PROVIDED INFORMATION:
↓
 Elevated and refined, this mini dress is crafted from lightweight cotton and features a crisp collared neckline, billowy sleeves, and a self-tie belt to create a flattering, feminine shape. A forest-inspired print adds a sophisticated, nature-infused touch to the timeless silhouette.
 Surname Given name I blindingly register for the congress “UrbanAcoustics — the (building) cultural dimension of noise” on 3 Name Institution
↑
↓
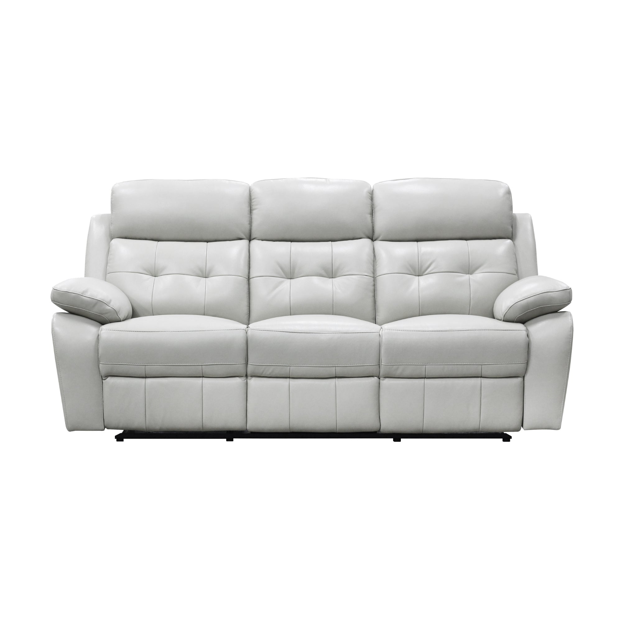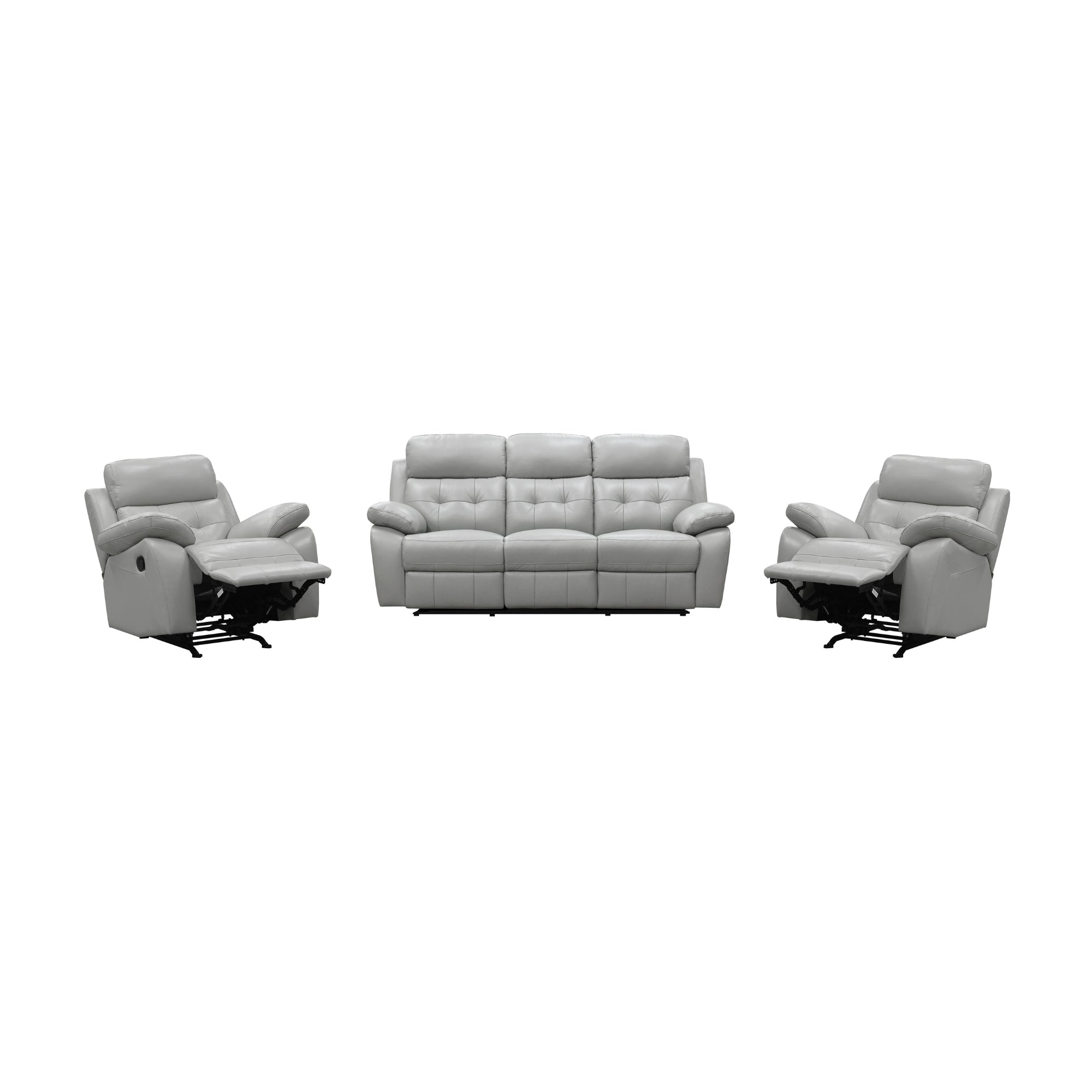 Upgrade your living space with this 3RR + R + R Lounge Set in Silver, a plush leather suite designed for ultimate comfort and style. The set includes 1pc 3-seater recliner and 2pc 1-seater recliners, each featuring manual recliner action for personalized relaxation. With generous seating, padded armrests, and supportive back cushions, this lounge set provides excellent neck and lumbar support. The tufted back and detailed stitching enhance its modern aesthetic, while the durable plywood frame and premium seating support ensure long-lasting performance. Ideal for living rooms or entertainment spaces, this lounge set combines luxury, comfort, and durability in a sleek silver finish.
↑
↓
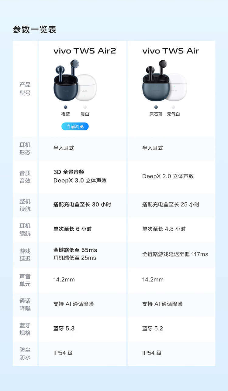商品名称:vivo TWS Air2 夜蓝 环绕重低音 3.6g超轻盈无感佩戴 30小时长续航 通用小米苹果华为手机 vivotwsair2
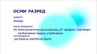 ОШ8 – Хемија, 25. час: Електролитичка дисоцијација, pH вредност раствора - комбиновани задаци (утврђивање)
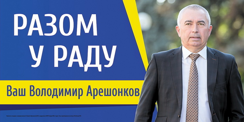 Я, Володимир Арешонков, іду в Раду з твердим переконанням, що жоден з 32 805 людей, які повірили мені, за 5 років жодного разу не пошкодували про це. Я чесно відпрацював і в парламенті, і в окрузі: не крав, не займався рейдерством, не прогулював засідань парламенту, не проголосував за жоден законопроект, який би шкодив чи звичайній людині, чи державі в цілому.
↑
Look above for the line with "商品名称:vivo TWS Air2", then give again exactly every line from there through the line with "ОШ8 – Хемија, 25.", skipping the pictures.

商品名称:vivo TWS Air2 夜蓝 环绕重低音 3.6g超轻盈无感佩戴 30小时长续航 通用小米苹果华为手机 vivotwsair2
 ОШ8 – Хемија, 25. час: Електролитичка дисоцијација, pH вредност раствора - комбиновани задаци (утврђивање)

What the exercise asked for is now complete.